The Bangko Sentral ng Pilipinas (BSP) is doubling down on capital market development and next-generation cross-border payment solutions as it positions the Philippines more deeply within the ASEAN+3 financial ecosystem.
Speaking at the recently-concluded 4th ASEAN+3 Economic Cooperation and Financial Stability Forum in Hong Kong, BSP Deputy Governor Zeno Ronald R. Abenoja highlighted ongoing efforts to deepen the domestic money market and adopt more market-oriented operations — moves aimed at strengthening liquidity, improving monetary policy transmission, and reinforcing financial stability amid global uncertainty.

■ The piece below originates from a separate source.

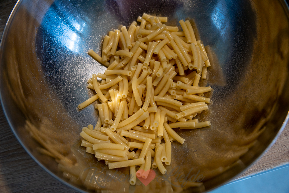 Kook de pasta beetgaar in een ruime pan met licht gezouten, kokend water. Spoel de pasta af met koud water en laat uitlekken in een vergiet. Hussel om met een scheutje olijfolie zodat hij niet gaat plakken.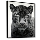 Grey White Panther Realistic Gaze - Panther Framed Canvas Art

BSP Deputy Governor Zeno Ronald R. Abenoja (second from left) served as a panelist during the 4thASEAN+3 Economic Cooperation and Financial Stability Forum (AMRO Forum) in Hong Kong. Joining him were (from left) Daniel Rees, Head of Central Bank Cooperation, Bank for International Settlements; Min Soo Kwoon, Deputy Governor, Bank of Korea; Alicia Garcia-Herrero, Chief Economist for Asia Pacific, Natixis; and Arup Ghosh, Chief Rates Strategist for ASEAN and Korea, Standard Chartered Bank.
“The BSP is working to deepen the money market and introduce more market-oriented operations,” Abenoja said during a panel discussion, noting that these reforms are critical to integrating the Philippine financial system more closely with regional and global markets, especially as digital transformation accelerates.
The forum, themed “From Fragmentation to Resilience: Macro-financial Stability and Regional Integration in ASEAN+3,” brought together policymakers, central bankers, academics, and financial experts to discuss how economies can build resilience through cooperation, innovation, and more efficient financial infrastructure. It was co-organized by the ASEAN+3 Macroeconomic Research Office (AMRO), the Bank for International Settlements (BIS), and the Hong Kong Monetary Authority.
Tokenization seen as catalyst for faster cross-border payments

BSP Deputy Governor Zeno Ronald R. Abenoja
Beyond capital markets, Abenoja pointed to tokenization and stablecoin-based solutions as having significant potential to transform cross-border payments, particularly for retail transactions and remittances — an area critical to the Philippine economy.
By leveraging tokenized payment rails, he said, cross-border transactions could become faster, more affordable, and more accessible, addressing long-standing frictions in remittance corridors while supporting financial inclusion.
This policy direction comes as overseas Filipino (OF) remittances remain robust.
Cash remittances reached US$3.17 billion in October 2025, bringing the year-to-date total to US$29.20 billion for January to October, according to BSP data. Personal remittances — which include informal transfers and remittances in kind— rose to US$3.52 billion in October and US$32.49 billion for the first ten months of the year.
The United States continued to account for the largest share of remittance inflows, followed by Singapore and Saudi Arabia, underscoring the scale and complexity of cross-border payment flows that could benefit from more efficient digital rails.
Monetary easing supports liquidity, market confidence

Parallel to its regional engagement, the BSP has also taken steps to ease domestic financial conditions. On December 11, 2025, the Monetary Board cut the target reverse repurchase (RRP) rate by 25 basis points to 4.50 percent, lowering the overnight deposit and lending facility rates to 4.00 percent and 5.00 percent, respectively.
Effective December 15, 2025, peso Discount Window Facility (DWF) rates were adjusted in line with the new overnight lending rate, with loans maturing in 1–90 days priced at 5.6433 percent, and those with 91–180 day tenors at 5.7866 percent. US dollar and Japanese yen DWF rates were kept unchanged, reflecting prevailing benchmark rates.
The central bank said the applicable spreads on DWF rates may be adjusted over time to align with monetary policy objectives and market interest rate movements — signaling continued flexibility as conditions evolve.
Regional leadership role ahead

Abenoja also represented the BSP at the ASEAN+3 Finance and Central Bank Deputies’ Meeting from 26 to 27 November in Hong Kong, as preparations ramp up for the Philippines to co-chair the ASEAN+3 Finance Process with Japan in 2026.
Taken together, the BSP’s push for capital market reforms, its openness to tokenized cross-border payments, and recent policy rate adjustments reflect a broader strategy: strengthening financial resilience at home while actively shaping the region’s digital and monetary future.
For fintech players, payment providers, and financial institutions, these signals point to a policy environment increasingly supportive of modern payment rails, regional interoperability, and deeper capital markets — areas expected to define the next phase of financial innovation in the Philippines and beyond.